The FBI reported last week that violent crimes reported to police dropped by a record 7 percent in 1996 as overall serious crime declined for the fifth years in a row. Led by record declines of 11 percent in murders and 6 percent in aggravated assaults, preliminary FBI figures showed that violent crimes of murder, rape, robbery and aggravated assault together had the largest one-year decline in the 35 years since the FBI began reporting year-to-year comparisons in 1961.
While welcome news, the numbers should be kept in perspective. Said Rep. Bill McCollum, R-Fla., "Even with these declines, it is still four times more likely that you are going to be raped, robbed assaulted or murdered than it was in 1960."

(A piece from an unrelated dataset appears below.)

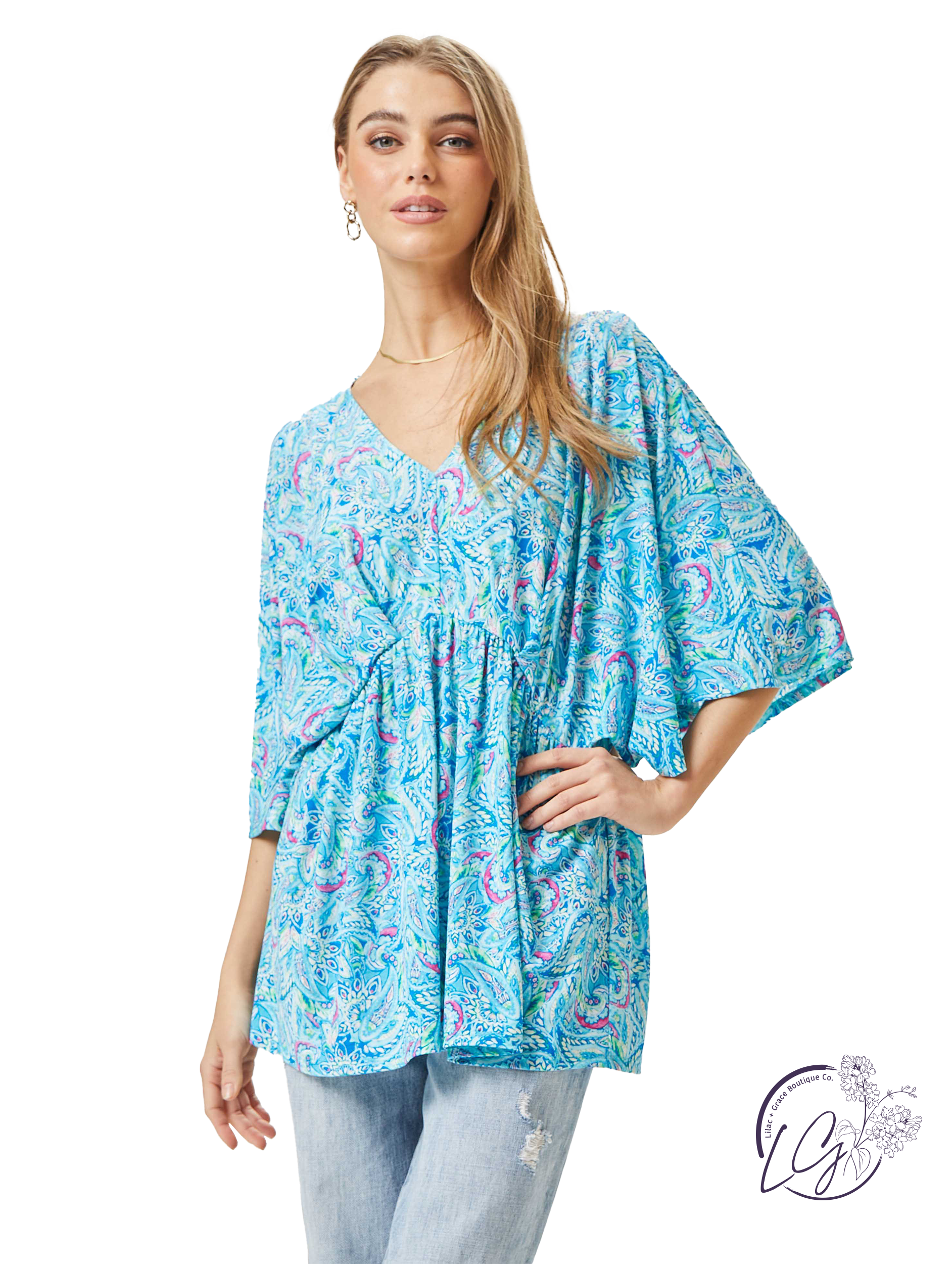 Introducing our newest line: Dear Scarlett! This dreamer top features dolman sleeves with v neckline and pleating details throughout the waist seam. We love the flattering fit on this top that also features wrinkle free, travel friendly, soft material.

What isn't to be taken seriously are claims from the Clinton administration that passage of a federal crime bill including gimmickry such as midnight basketball deserve the credit. Everyone knows that fighting violent street crime is primarily a local law enforcement matter. Academics and police chiefs cite other factors in the drop in reported crimes:
-- The huge, postwar baby boom generation's passage from its crime-prone years into middle age.
-- Declines in criminal turf wars as crack cocaine markets matured.
-- Police efforts to disarm criminals and juveniles, including "zero-tolerance" campaigns, originated in New York City, against minor disorder crimes such as playing loud music, aggressive, even menacing panhandling and the like.
One might also look to the spreading passage of concealed weapon laws permitting law-abiding citizens this natural extension of their God-given right of self-defense. A majority of the nation's population in more than 30 states now lives under some version of this law.